Oleksii is currently working in the Ukrainian Ministry of Defense, where he leads the Strategic Institute for Unmanned Systems (SIUS). As the head of SIUS, he manages the collection and analysis of tactical battlefield data and attempts to predict the battlefield role of unmanned systems in the medium term in order to out-innovate the enemy. Oleksii is also training to become an artillery officer in the Ukrainian military.
At Yale, Oleksii led the Alexander Hamilton Society (AHS), a national security student organization dedicated to promoting the US's active role on the world stage and building a platform for rigorous foreign policy discourse on campus. During his education in the US, he spent multiple summers in Washington, DC, working with the Institute for the Study of War, the US Congress, and the International Republican Institute.

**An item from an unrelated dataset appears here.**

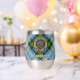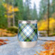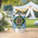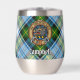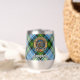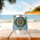 Le badge Campbell crest entouré d'une sangle et boucle sur l'arrière - plan écossais habillé. Texte personnalisé des deux côtés.

Dr. Tyler Bowen is an Assistant Professor in the Strategic and Operational Research Department at the United States Naval War College. His book project, The Liftable Stick: How Conventional Coercion Succeeds in Nuclear Crises, focuses on the role of conventional military superiority in nuclear crisis bargaining. His broader research agenda focuses on how issues of nuclear deterrence and nuclear weapons strategy interact with U.S. grand strategy. He also researches how nuclear weapons affect public attitudes towards the use of force. He received his Ph.D. in Political Science from Yale in 2021. Previously, he spent a year as a postdoctoral fellow at the Kissinger Center at Johns Hopkins School of Advanced International Studies in 2021-2022, and he was the Stanton Visiting Scientist at the United States Air Force Academy in 2022-2023.

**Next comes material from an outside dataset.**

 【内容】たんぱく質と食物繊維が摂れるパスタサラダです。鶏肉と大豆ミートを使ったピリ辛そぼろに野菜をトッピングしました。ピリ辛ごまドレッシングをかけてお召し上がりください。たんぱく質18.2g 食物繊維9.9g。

Samuel Bowles is a senior in Timothy Dwight studying Global Affairs and History. He was born in New York to Bolivian parents and lived in Sao Paulo, Brazil for 10 years. At Yale, Samuel is focused on US foreign policy and the role of Latin America in shaping US grand strategy. To this end, he worked as a research assistant studying Brazilian mayoral elections and a government affairs consultant for the firm National Journal. He hopes to work on US national security issues after graduating, particularly in South America. In his free time, Sam enjoys watching football (soccer) and playing tennis.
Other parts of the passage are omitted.